Would you reproduce the data below exactly, please, leaving out its images?

• _Collected data_:
■ ■ ■ ■ ■
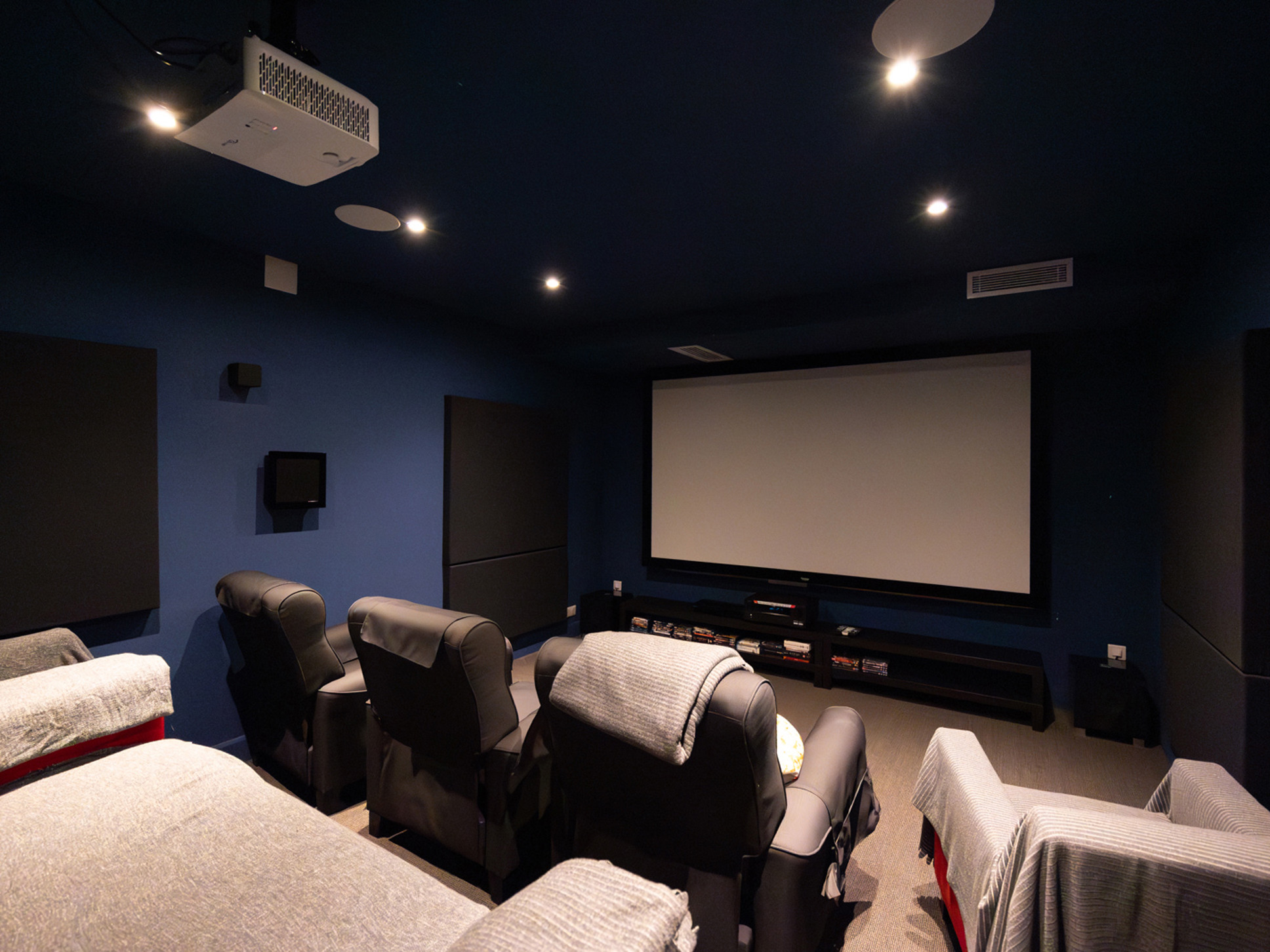 Is er ook TV? Jazeker, en wel een heuse thuis bioscoop. Sound proof en voorzien van een prachtige video/audio installatie en comfy zitmeubelen. Ouders wordt gevraagd om kinderen enkel onder supervisie de installatie te laten bedienen.
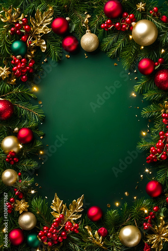 christmas, holiday, background, festive, decoration, green, red, gold, ornament, pine, garland, light, glistering, celebration, winter, new year, christmas, december, gift, seasonal, elegant, luxury, chaplet, bauble, ribbon, spruce, holly, sparkle, glowing, shiny, classic, traditional, party, greeting, card, invitation, frame, blank, copy space, snow, bright, joyful, magical, warm, decorative
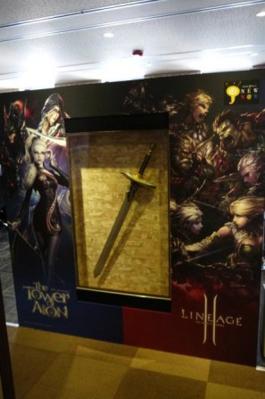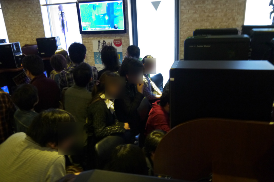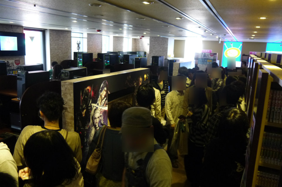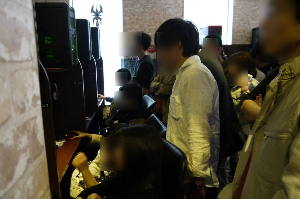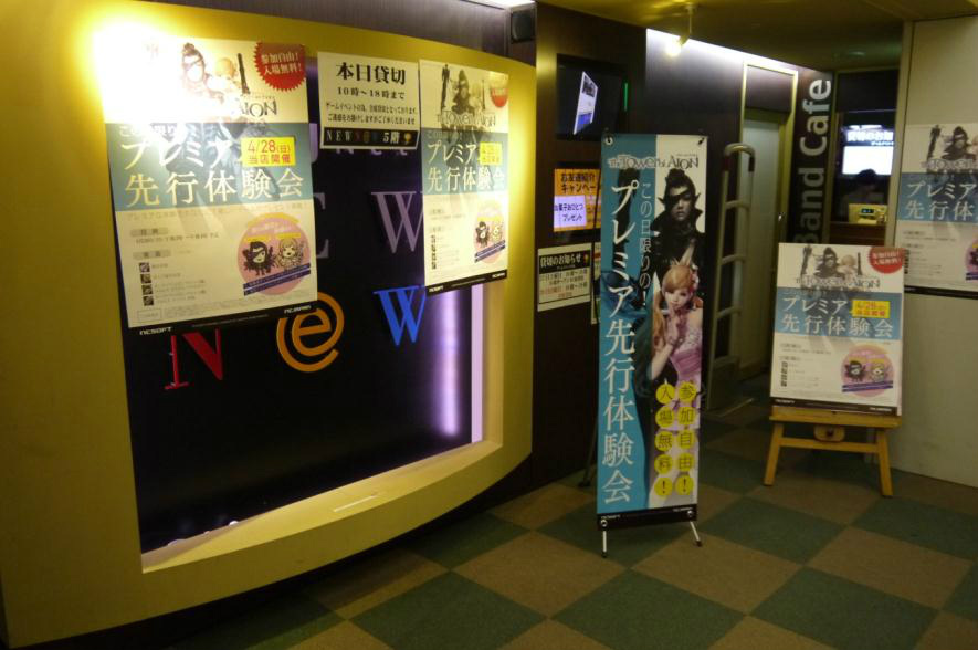 プレミア!先行体験会としては最終日となる4月28日(日)、大阪ミナミのど真ん中に位置するCafe J Net NEWNEW戎橋店がイベント会場となっていた。実はこの店舗、先日内装をリニューアルしており、さながらエヌシージャパンが提供している「リネージュ2」と「タワー オブ アイオン」のコンセプトネットカフェとも言える造りとなっており、両作品のファンタジー感を彷彿とさせる武器(レプリカ)の展示やイメージイラストがプリントされたブース壁面で装飾されている。ハイスペックPCも完備しており、かなり快適な環境を実現しているお店となっている。
■ ■ ■ ■ ■
• _Response for this exercise_:
 Is er ook TV? Jazeker, en wel een heuse thuis bioscoop. Sound proof en voorzien van een prachtige video/audio installatie en comfy zitmeubelen. Ouders wordt gevraagd om kinderen enkel onder supervisie de installatie te laten bedienen.
 christmas, holiday, background, festive, decoration, green, red, gold, ornament, pine, garland, light, glistering, celebration, winter, new year, christmas, december, gift, seasonal, elegant, luxury, chaplet, bauble, ribbon, spruce, holly, sparkle, glowing, shiny, classic, traditional, party, greeting, card, invitation, frame, blank, copy space, snow, bright, joyful, magical, warm, decorative
 プレミア!先行体験会としては最終日となる4月28日(日)、大阪ミナミのど真ん中に位置するCafe J Net NEWNEW戎橋店がイベント会場となっていた。実はこの店舗、先日内装をリニューアルしており、さながらエヌシージャパンが提供している「リネージュ2」と「タワー オブ アイオン」のコンセプトネットカフェとも言える造りとなっており、両作品のファンタジー感を彷彿とさせる武器(レプリカ)の展示やイメージイラストがプリントされたブース壁面で装飾されている。ハイスペックPCも完備しており、かなり快適な環境を実現しているお店となっている。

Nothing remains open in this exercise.